Your instructions ▸ Nothing is needed except the lines below that run from the one with "O cantor chamou" through the one with "Tesis (Maestría en Ciencias en Horticultura)", repeated exactly.

Entries shown ▸
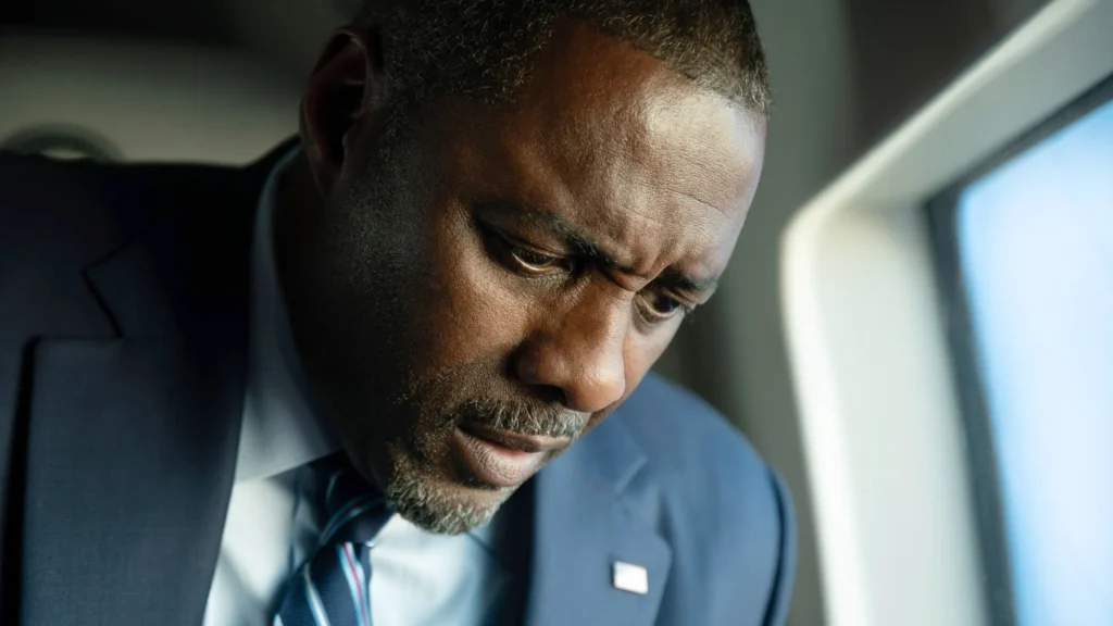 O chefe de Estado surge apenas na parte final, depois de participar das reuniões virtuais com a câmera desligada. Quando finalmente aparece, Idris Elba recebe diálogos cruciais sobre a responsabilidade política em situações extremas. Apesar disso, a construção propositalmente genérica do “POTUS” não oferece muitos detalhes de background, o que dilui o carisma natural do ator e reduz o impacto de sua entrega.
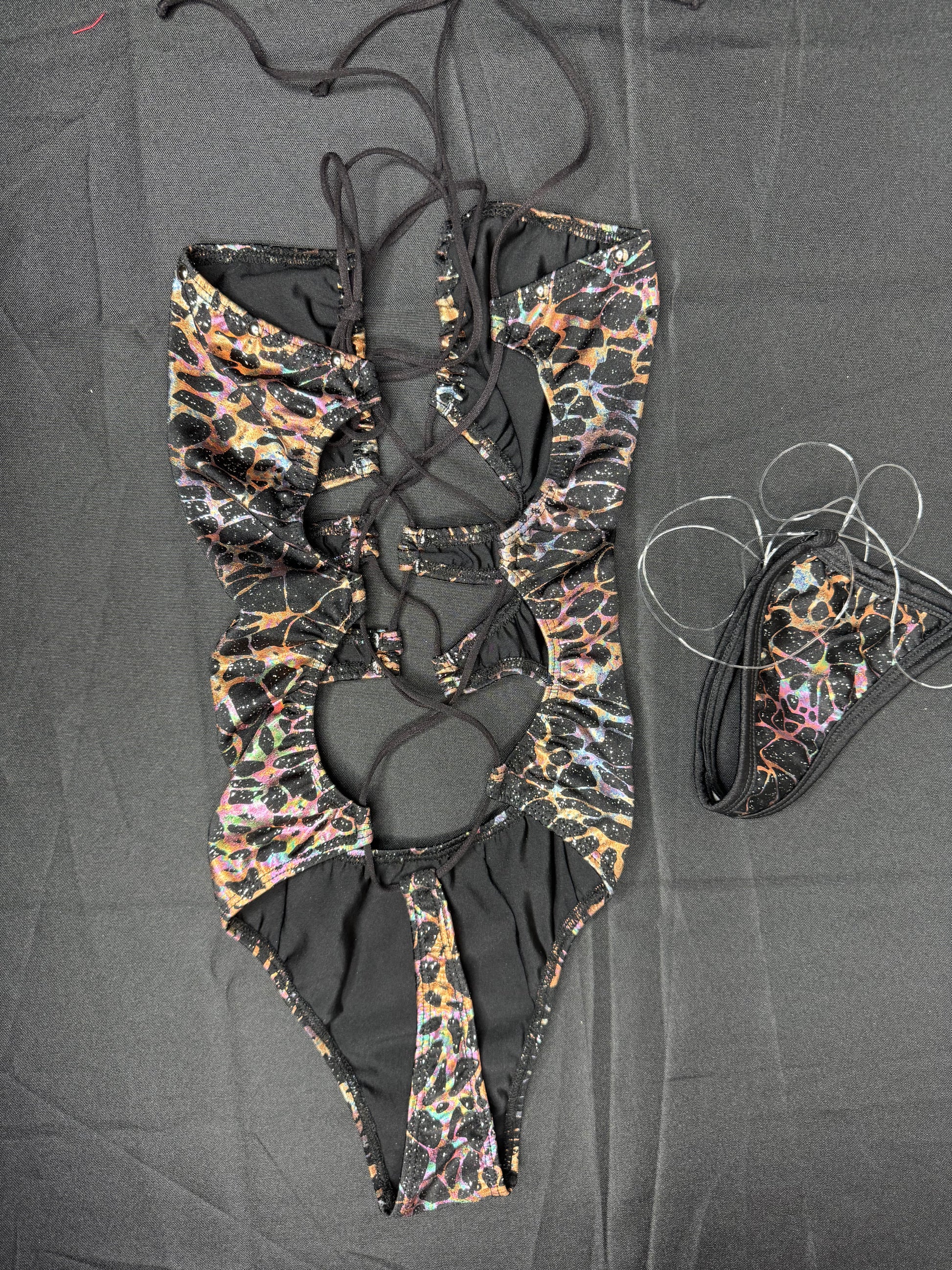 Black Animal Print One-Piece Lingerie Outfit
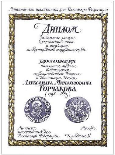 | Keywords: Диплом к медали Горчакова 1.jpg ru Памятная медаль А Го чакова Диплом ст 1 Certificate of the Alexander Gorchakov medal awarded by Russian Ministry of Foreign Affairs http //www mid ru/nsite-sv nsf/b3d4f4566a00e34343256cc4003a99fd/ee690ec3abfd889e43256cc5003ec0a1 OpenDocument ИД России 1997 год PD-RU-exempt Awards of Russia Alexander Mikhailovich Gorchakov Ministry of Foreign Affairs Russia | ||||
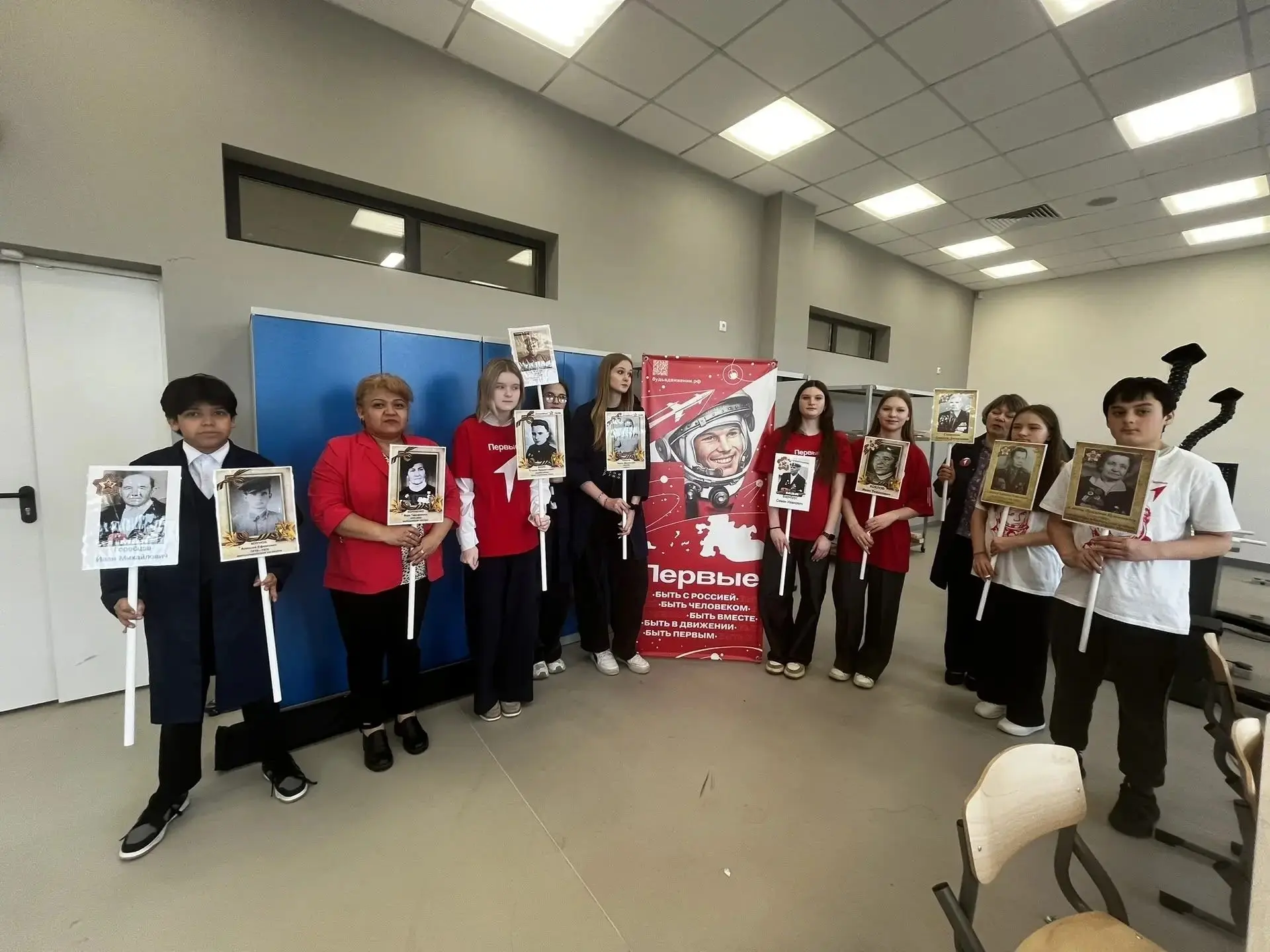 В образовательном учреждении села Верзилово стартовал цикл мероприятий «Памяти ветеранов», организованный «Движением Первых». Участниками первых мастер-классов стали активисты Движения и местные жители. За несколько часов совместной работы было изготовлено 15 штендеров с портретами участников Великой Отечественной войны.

...

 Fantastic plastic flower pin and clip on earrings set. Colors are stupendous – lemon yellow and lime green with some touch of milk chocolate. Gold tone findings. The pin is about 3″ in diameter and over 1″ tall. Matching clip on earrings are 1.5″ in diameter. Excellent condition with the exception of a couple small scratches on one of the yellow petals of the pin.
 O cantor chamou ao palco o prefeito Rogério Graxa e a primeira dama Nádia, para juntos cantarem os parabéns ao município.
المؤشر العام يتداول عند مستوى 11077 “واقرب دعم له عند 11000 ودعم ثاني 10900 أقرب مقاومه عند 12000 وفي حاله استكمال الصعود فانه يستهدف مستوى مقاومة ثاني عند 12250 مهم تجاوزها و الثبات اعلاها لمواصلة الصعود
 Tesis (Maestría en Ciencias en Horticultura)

Completed exercise ▸
 O cantor chamou ao palco o prefeito Rogério Graxa e a primeira dama Nádia, para juntos cantarem os parabéns ao município.
المؤشر العام يتداول عند مستوى 11077 “واقرب دعم له عند 11000 ودعم ثاني 10900 أقرب مقاومه عند 12000 وفي حاله استكمال الصعود فانه يستهدف مستوى مقاومة ثاني عند 12250 مهم تجاوزها و الثبات اعلاها لمواصلة الصعود
 Tesis (Maestría en Ciencias en Horticultura)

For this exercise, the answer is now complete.